Vendita Italcementi, il comunicato di SEL Bergamo

Federazione Bergamo

Dopo il caso Telecom agli spagnoli e quello Pirelli ai cinesi, lo shopping di multinazionali estere sul sistema produttivo italiano colpisce anche la nostra provincia. Vedere la società Italcementi passare al gruppo tedesco HeidelbergCement rende macroscopico, come se ce ne fosse bisogno, il problema dell’assenza di politiche industriali nel nostro paese di cui anche questo governo pare disinteressarsi completamente.
Il segno delle riforme del governo Renzi continua ad essere quello della cancellazione dei diritti e delle tutele ai lavoratori: nessun passo è stato compiuto sulla vera riforma necessaria per l’Italia, quella della politica industriale. L’assenza strutturale e quotidiana del governo in materia è drammatica. Sempre più gruppi industriali, con la loro storia, le loro capacità specifiche, la professionalità dei loro lavoratori avranno un futuro che non sarà a gestione italiana. Senza scadere nel nazionalismo ad oltranza, si pone il drammatico problema se ci possiamo permettere un tessuto produttivo manifatturiero che ha i livelli decisionali fuori dai nostri confini.

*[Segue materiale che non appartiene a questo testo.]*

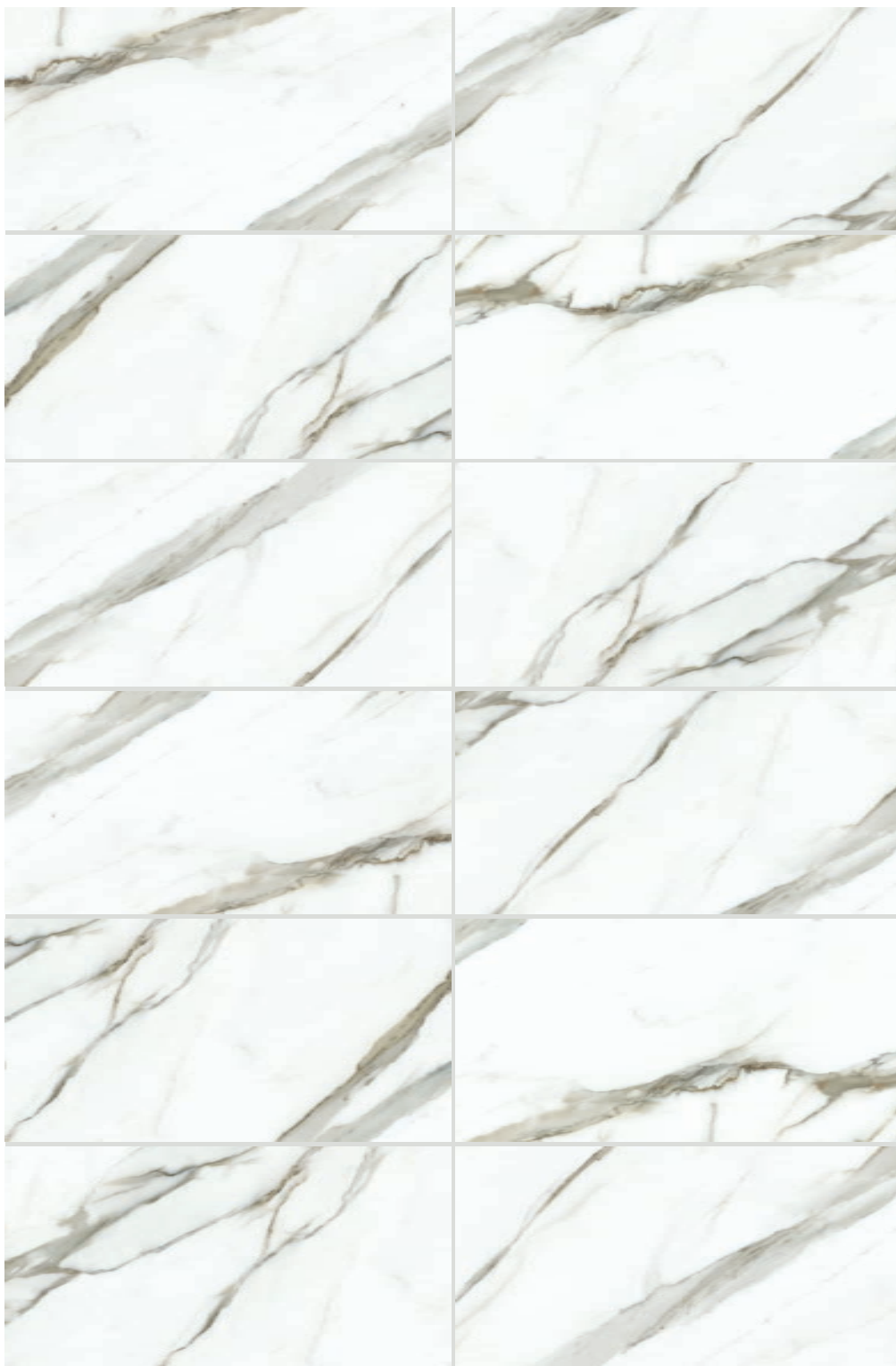
30 x 60 cm (12" x 24") CALACATTA BORGHINI

Il gruppo Italcementi ha spostato il suo centro mondiale di ricerca a Bergamo (denominato Ilab al parco tecnologico del Km Rosso), ha investito e investe in ricerca e sviluppo, ha attuato un piano pesante di riorganizzazione a livello occupazionale e produttivo, ha avuto il suo centro decisionale nella città di Bergamo diventando il quinto produttore di cemento al mondo. Il ruolo svolto dal Ministero delle Attività produttive nella vicenda e l’attenzione sulle sorti di una realtà così importante per il Paese e per la nostra Provincia sono a dir poco imbarazzanti. Il governo Renzi si è distinto per la politica degli annunci e delle azioni simboliche (ad esempio la partecipazione all’inaugurazione dello stabilimento di Rezzato, a Brescia, del gruppo Italcementi) ma non è stato in grado di svolgere alcun ruolo di indirizzo e di pressione sul management e sull’azionariato di grandi gruppi industriali presenti in Italia.

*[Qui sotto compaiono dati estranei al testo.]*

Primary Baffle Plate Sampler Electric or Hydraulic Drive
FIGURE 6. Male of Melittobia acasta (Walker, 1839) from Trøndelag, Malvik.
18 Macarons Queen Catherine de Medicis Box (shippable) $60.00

La Federazione di Bergamo di SEL è vicina ai lavoratori del Gruppo Italcementi in queste ore di preoccupazione per il loro futuro occupazionale. SEL presenterà una interpellanza in Parlamento per chiedere al governo quali interventi possono essere resi fruibili per non disperdere il patrimonio di conoscenza tecnico-produttiva che il Gruppo Italcementi detiene.